DATA SECTION —
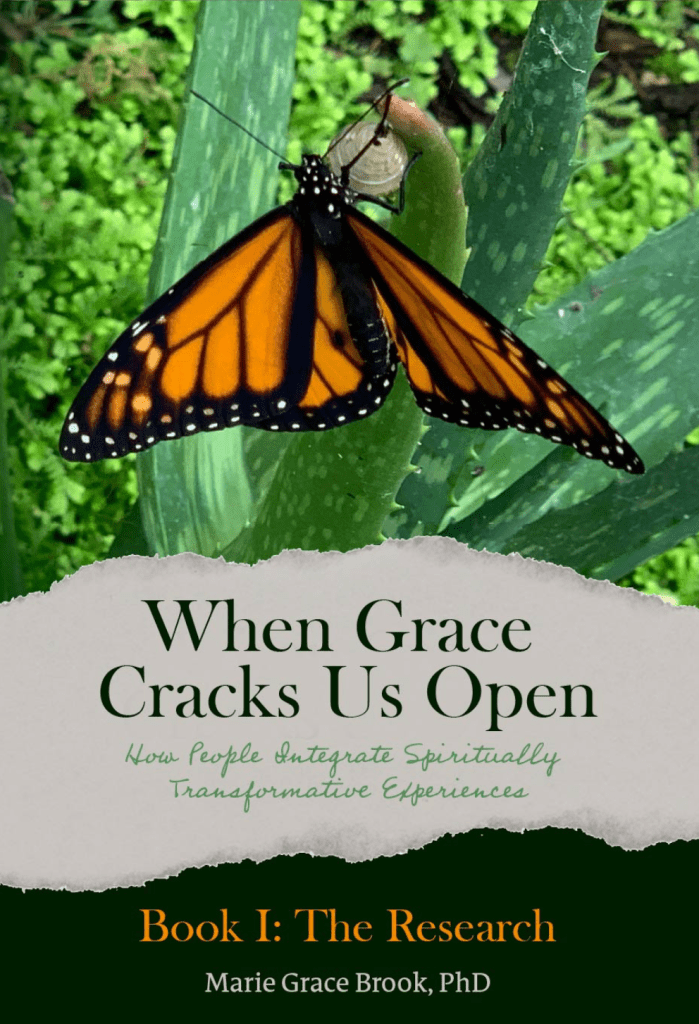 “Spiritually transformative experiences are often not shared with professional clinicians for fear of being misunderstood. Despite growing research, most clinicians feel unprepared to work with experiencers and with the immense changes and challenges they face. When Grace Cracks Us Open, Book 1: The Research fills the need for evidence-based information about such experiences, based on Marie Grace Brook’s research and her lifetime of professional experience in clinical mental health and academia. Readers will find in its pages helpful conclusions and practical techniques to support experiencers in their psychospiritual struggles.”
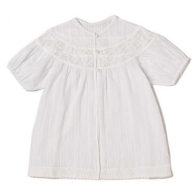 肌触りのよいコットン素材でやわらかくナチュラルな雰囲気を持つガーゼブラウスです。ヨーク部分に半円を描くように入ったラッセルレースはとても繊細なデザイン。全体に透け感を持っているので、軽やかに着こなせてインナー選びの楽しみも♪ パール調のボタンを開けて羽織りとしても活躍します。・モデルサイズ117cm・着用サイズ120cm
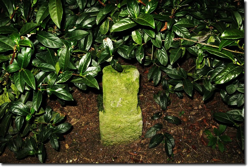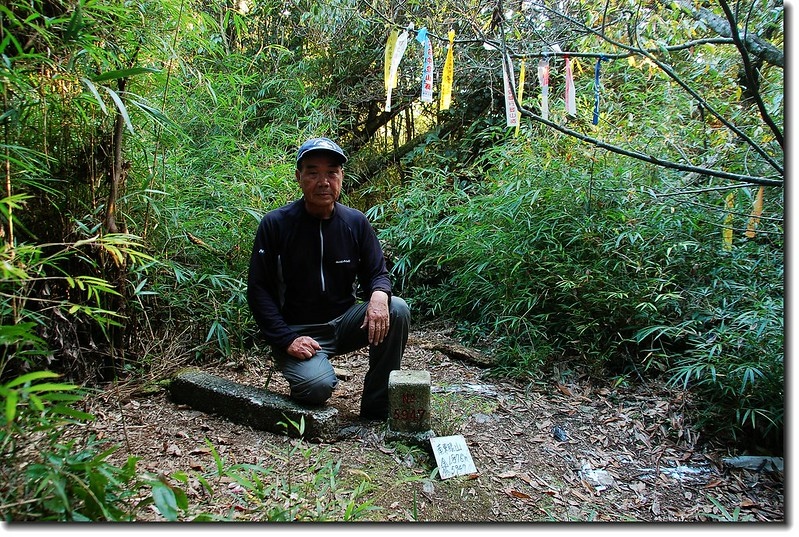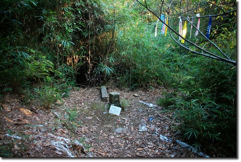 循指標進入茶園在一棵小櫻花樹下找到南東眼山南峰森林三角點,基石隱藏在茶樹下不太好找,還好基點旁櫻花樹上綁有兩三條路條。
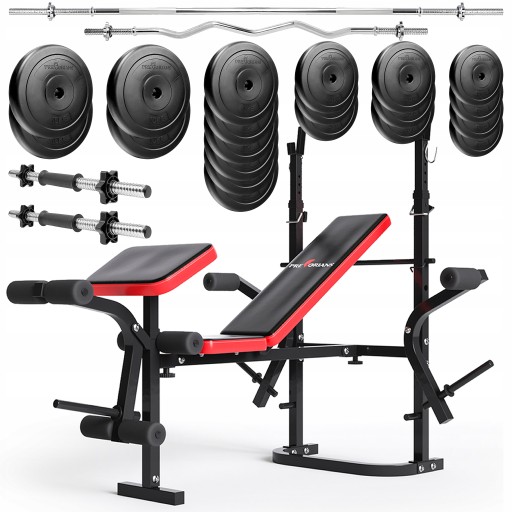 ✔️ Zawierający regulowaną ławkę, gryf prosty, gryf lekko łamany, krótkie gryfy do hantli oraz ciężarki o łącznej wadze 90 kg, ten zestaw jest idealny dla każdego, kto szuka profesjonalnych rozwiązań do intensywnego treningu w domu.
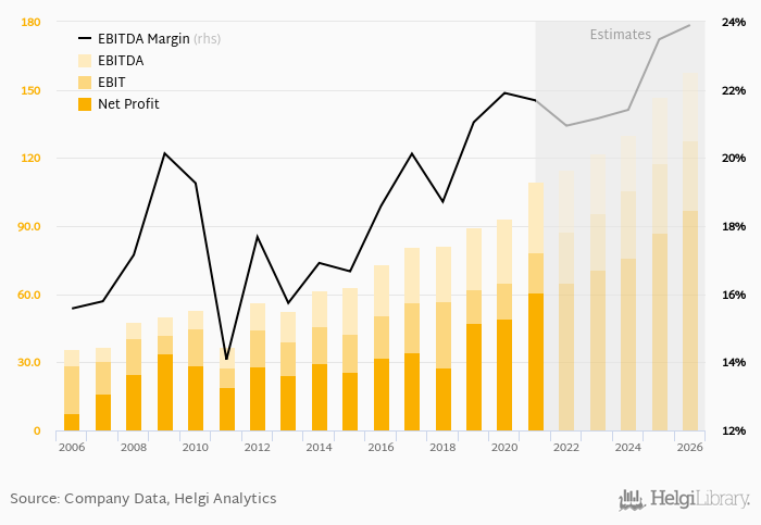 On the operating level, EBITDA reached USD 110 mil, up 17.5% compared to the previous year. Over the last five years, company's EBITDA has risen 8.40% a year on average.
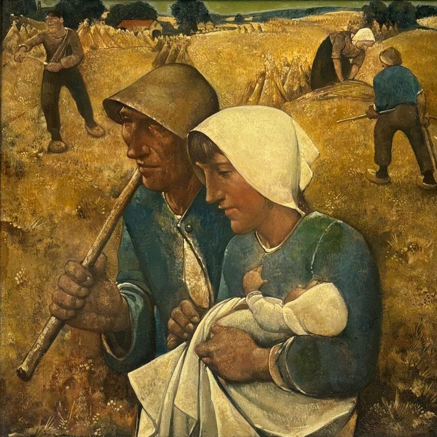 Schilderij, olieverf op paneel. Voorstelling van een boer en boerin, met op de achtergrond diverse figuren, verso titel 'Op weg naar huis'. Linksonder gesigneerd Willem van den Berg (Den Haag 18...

WORK INSTRUCTIONS — Reproduce exactly, and only, the lines from the one containing "肌触りのよいコットン素材でや" through the last line of the records above, both included, leaving out any pictures.

SOLUTION —
 肌触りのよいコットン素材でやわらかくナチュラルな雰囲気を持つガーゼブラウスです。ヨーク部分に半円を描くように入ったラッセルレースはとても繊細なデザイン。全体に透け感を持っているので、軽やかに着こなせてインナー選びの楽しみも♪ パール調のボタンを開けて羽織りとしても活躍します。・モデルサイズ117cm・着用サイズ120cm
 循指標進入茶園在一棵小櫻花樹下找到南東眼山南峰森林三角點,基石隱藏在茶樹下不太好找,還好基點旁櫻花樹上綁有兩三條路條。
 ✔️ Zawierający regulowaną ławkę, gryf prosty, gryf lekko łamany, krótkie gryfy do hantli oraz ciężarki o łącznej wadze 90 kg, ten zestaw jest idealny dla każdego, kto szuka profesjonalnych rozwiązań do intensywnego treningu w domu.
 On the operating level, EBITDA reached USD 110 mil, up 17.5% compared to the previous year. Over the last five years, company's EBITDA has risen 8.40% a year on average.
 Schilderij, olieverf op paneel. Voorstelling van een boer en boerin, met op de achtergrond diverse figuren, verso titel 'Op weg naar huis'. Linksonder gesigneerd Willem van den Berg (Den Haag 18...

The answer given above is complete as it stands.